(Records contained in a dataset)
╔══

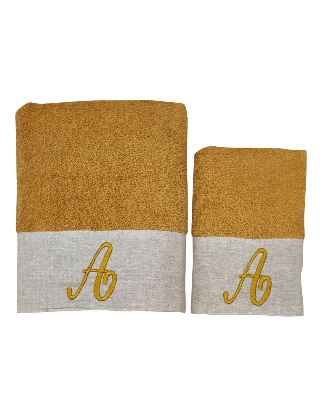 COPPIA ASCIUGAMANI VISO E OSPITE IN SPUGNA DI COTONE CON CIFRA RICAMATA
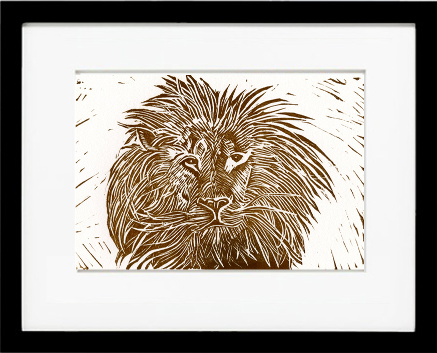 I continue to carve my spirit animal of the week, along with all kinds of other animals, birds and fish during the week. The habit of printing and carving on Mondays, spilled over into every day of the week and I created a small business of selling the prints. This week my animal is the Lion. The edition of 10 is currently on Etsy and available until the 10 sell out. If you want to see more of the 11″ x 14″ watercolor collage drawings you can click here:
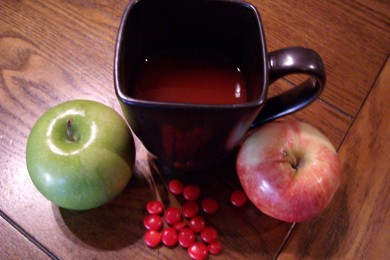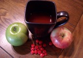 Горячий сидр из яблочного и клюквенного сока с коричневым сахаром, яблоком, корицей, апельсином и гвоздикой.
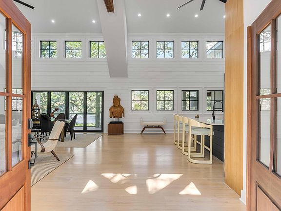 Sitting alongside the lake in the exclusive neighborhood of The Crescent, this custom-built home epitomizes luxury living with light-filled open living spaces oriented around the view of the lake, thoughtful finishes, and a spacious screened porch designed to enjoy the beautiful Lowcountry weather. Upon entering the home, you will be greeted by an open floor plan with the living room, dining area, and kitchen combined into one cohesive space. You will notice the grandeur of the space which is accentuated by 19' vaulted ceilings with exposed beams, abundant windows, and great connectivity to the outdoor living spaces through two sets of bifolding glass doors. The contemporary kitchen features modern custom cabinets, stainless appliances (including a Wolf range, Subzero refrigerator/freezerand Bosch dishwasher), and a large center island with seating. A cozy sitting room, located off of the kitchen, provides a more intimate place to gather and opens to the expansive screened porch. Also located on this main floor is the primary bedroom suite. The large bedroom has access to the outdoor living spaces, and lives large with a vaulted ceiling. A custom walk-in closet and an elegantly appointed en suite bathroom, with an extra large soaking tub, dual showers, steam showers, and dual vanities, complete the space. A lofted living area on the second floor is the perfect space for a home office or media room, while the home's remaining three bedroom suites are well-sized with en suite bathrooms complete with luxurious tile and finishes. Other finishes include reclaimed wooden support beams throughout the home, 10" plank white oak hardwood floors, shiplap accents, dual tankless water heaters, and dual HVAC systems.
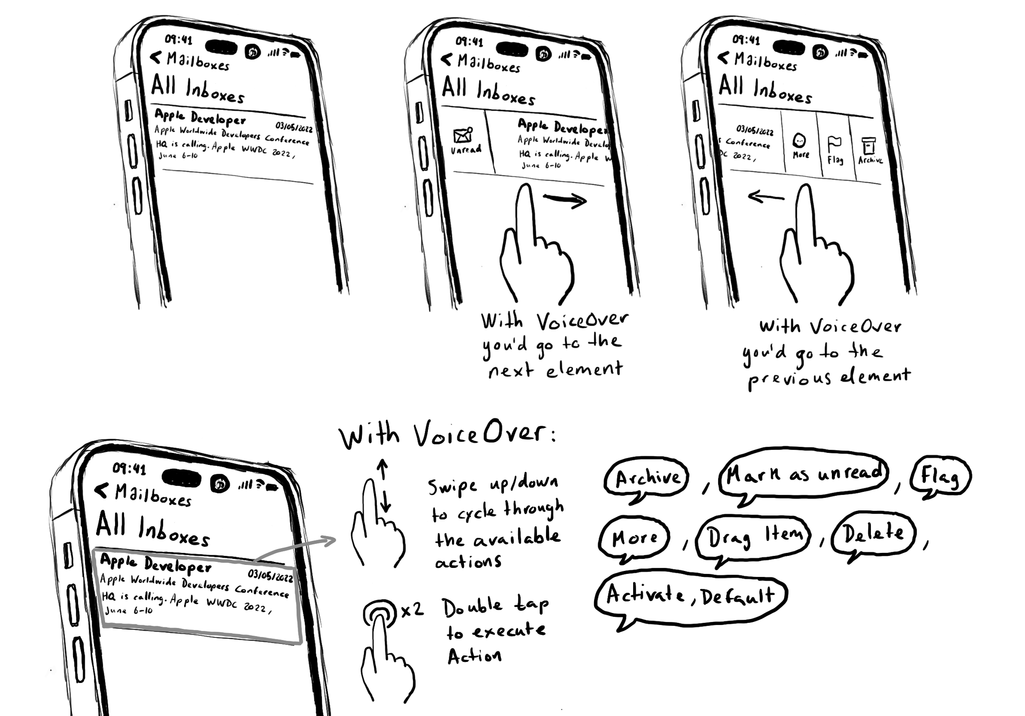 Custom actions are also great for actions that are executed with a gesture that is overridden by VoiceOver. Think of the unread, flag and archive hidden options that you can make visible by swiping left/right on a message row in the Mail app.
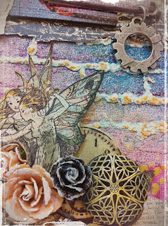Back to this posting. Here's a project for Nov Papier Dt update. Sharing an altered canvas using paint, mists, G45 papers, Mod podge, masks, embossing powder, medium gel, texture mists etc. All the works.
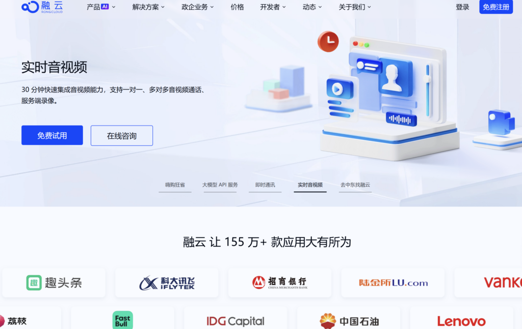 容联云通讯平台提供实时聊天、音视频通话、视频会议、企业通讯录与统一工作门户等多元化IM功能,开发者可通过SDK/API快速接入,同时配套短信、语音通知、号码认证等云通信能力,支撑从消息互动到通知验证的一站式通信体验。
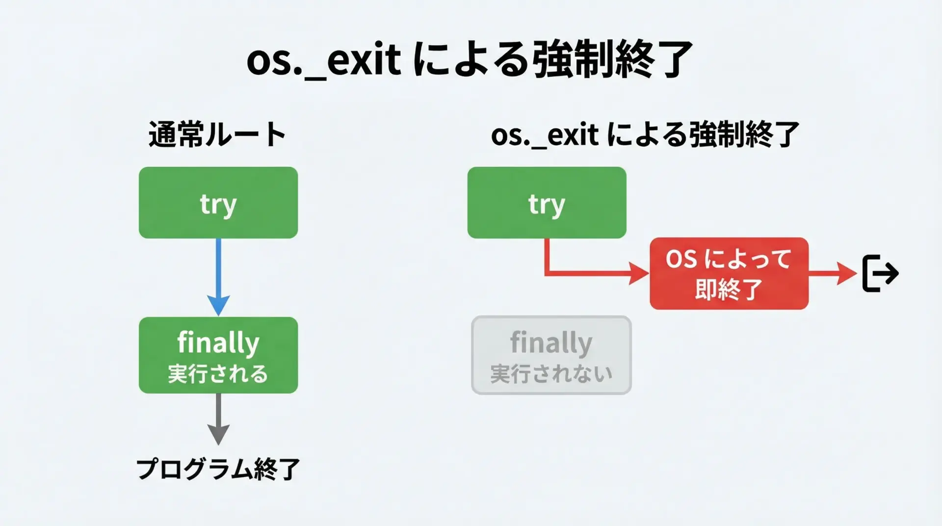 これは言い換えると、「finally は Python の制御フローの中ではほぼ必ず実行されるが、OS やハードウェアレベルの障害には無力」ということです。

╚══

• _Work required_
Copy word for word the lines of the records above from the one with "I continue to" up to and including the one with "Горячий сидр из". Skip the pictures.

• _Task output_
 I continue to carve my spirit animal of the week, along with all kinds of other animals, birds and fish during the week. The habit of printing and carving on Mondays, spilled over into every day of the week and I created a small business of selling the prints. This week my animal is the Lion. The edition of 10 is currently on Etsy and available until the 10 sell out. If you want to see more of the 11″ x 14″ watercolor collage drawings you can click here:
 Горячий сидр из яблочного и клюквенного сока с коричневым сахаром, яблоком, корицей, апельсином и гвоздикой.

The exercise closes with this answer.